On the bright side, we can take solace in signs of concern, good intentions, and good deeds. Gray, like his late father, helps lead many civic groups.

Recently, I came across a call for reform and good citizenship authored by Lynn Forester de Rothschild, the New Jersey-born wife of Sir Evelyn de Rothschild, a leader of the two-century-old global banking family. Under the theme How we must stop the greed and corruption that threaten to destroy the American Dream, she wrote that she and her husband “believe that greed and corruption in the City and on Wall Street have understandably shaken the faith of countless millions who have been excluded from the very same system that brought me security and success. Evelyn and I worry that the resulting pessimism – even cynicism – about our economic system is undermining its very existence.”

“Indeed, according to one recent survey by the Boston Consulting Group,” she continued, “only 21 per cent of Americans and 28 per cent of Britons believe their children will have a better life than them. This could lead to any number of negative consequences. In an effort to bring the best to the system, I am co-chairing a new international group, “the Henry Jackson Initiative For Inclusive Capitalism” that is trying to showcase several immediate and permanent solutions from the private sector. In our first working paper, available at henryjacksoninitiative.org, we have highlighted several private sector efforts to improve education, support small and medium businesses and to bring back a bedrock sense of ethics and civics. I don’t want to destroy the system. I want to balance the freedom that has brought me a wonderful life with personal responsibility. That is the only way to save capitalism for the sake of a future generation of girls who have dreams.”

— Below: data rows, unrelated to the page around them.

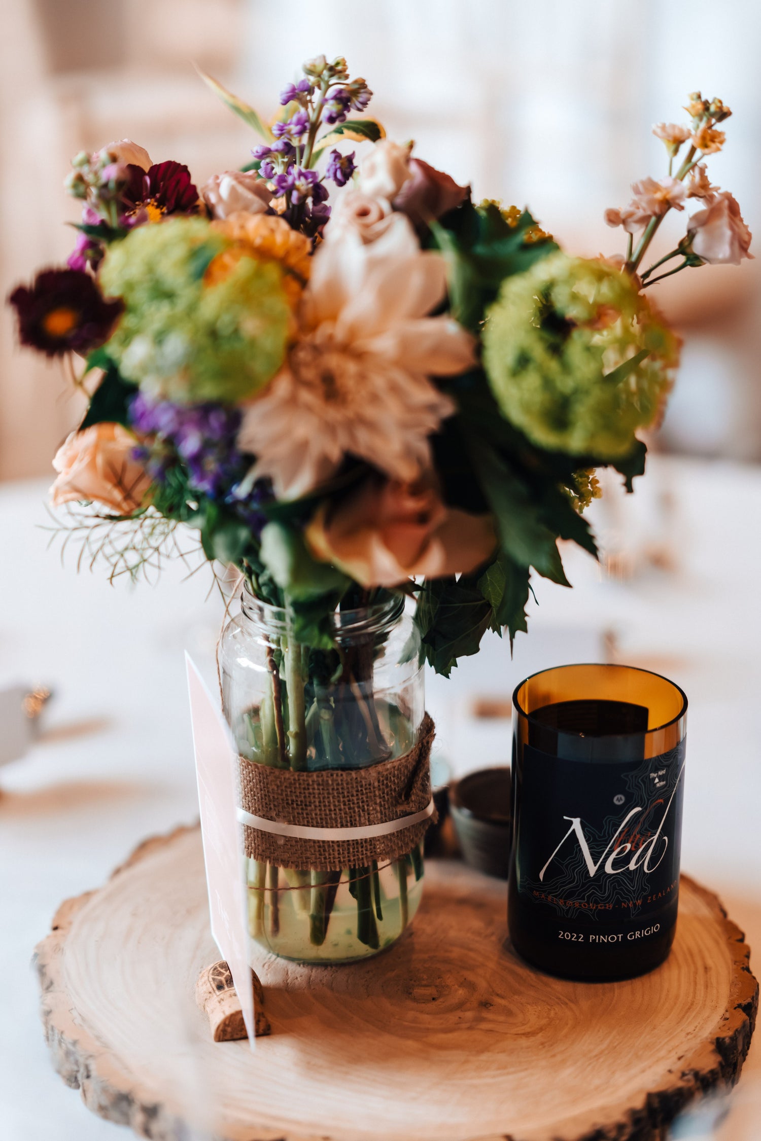 Sometimes a simple arrangement is all it takes to lift the surroundings and create beauty on every table. These large jam jars willed with seasonal gems were just the ticket. Our homegrown cosmos and dahlia taking centre stage. If you haven't tried Ned I would highly recommend!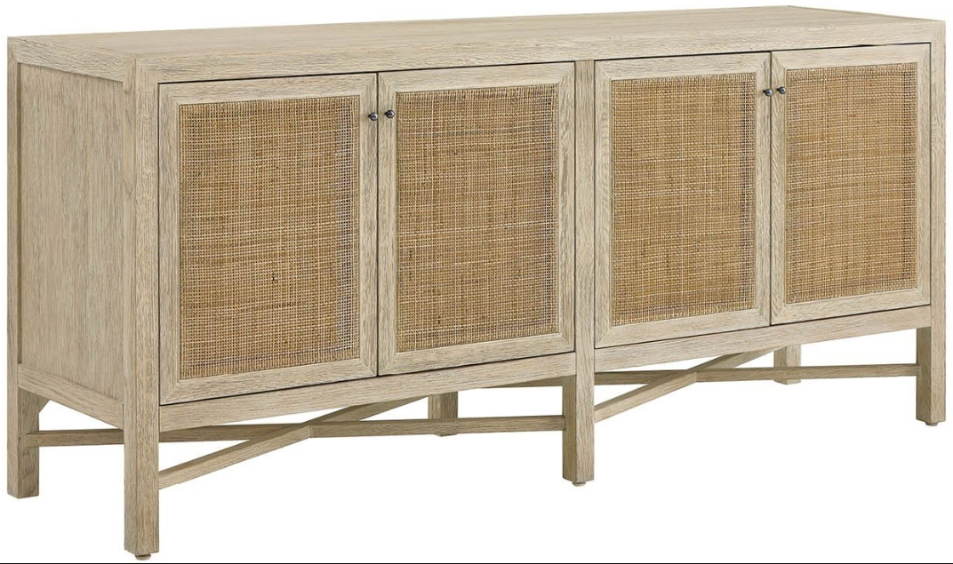 The dockside credenza features door panels showcasing a woven cane weave for rich texture and organic warmth. Its X-base stretcher and ample interior storage create a statement piece that perfectly balances natural elements with refined coastal style.Read More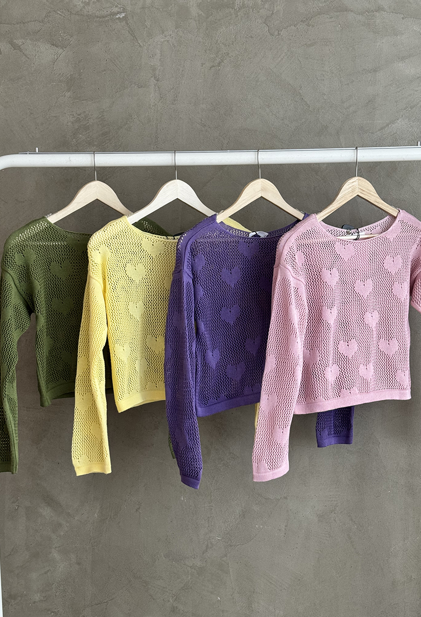 Μπλούζα crop με λαιμόκοψη,ριχτή γραμμή,διακριτικό σχέδιο καρδιές,με τρυπητή μαλακή πλέξη.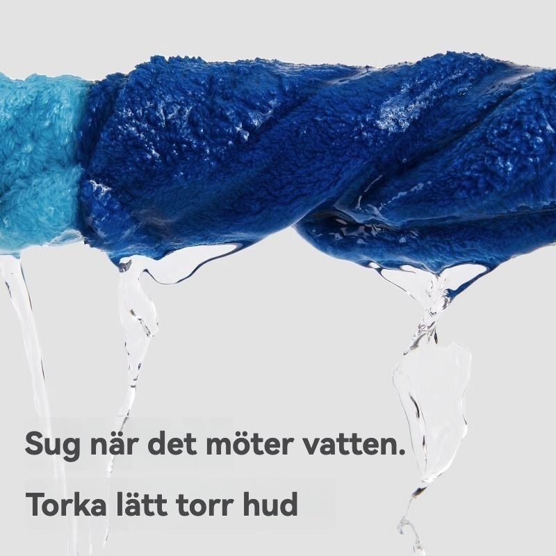 Superabsorberande: Tillverkad av fin mikrofiber som snabbt suger upp vatten och torkar fort.

We shall see whether that kind of initiative results in worthy reforms or to convoluted processes that steer reform energies into dead ends. I suspect it will do both, much like volunteers for both the Tea Party and Obama campaigns have found.

In the meantime, I took a break from writing this to enjoy a slice of non-soylent pizza garnished with pepperoni that contains no horse meat (to my knowledge). Who knows how long that will last if we lay off more meat inspectors as if they were just as disposable as air traffic controllers, manufacturing sector, or postal workers.

Trying to look on the bright side, I saw in today’s paper that one writer described her native region as “too small to be a republic and too large to be an insane asylum.”

Let’s hope that description remains for one place, not the whole country.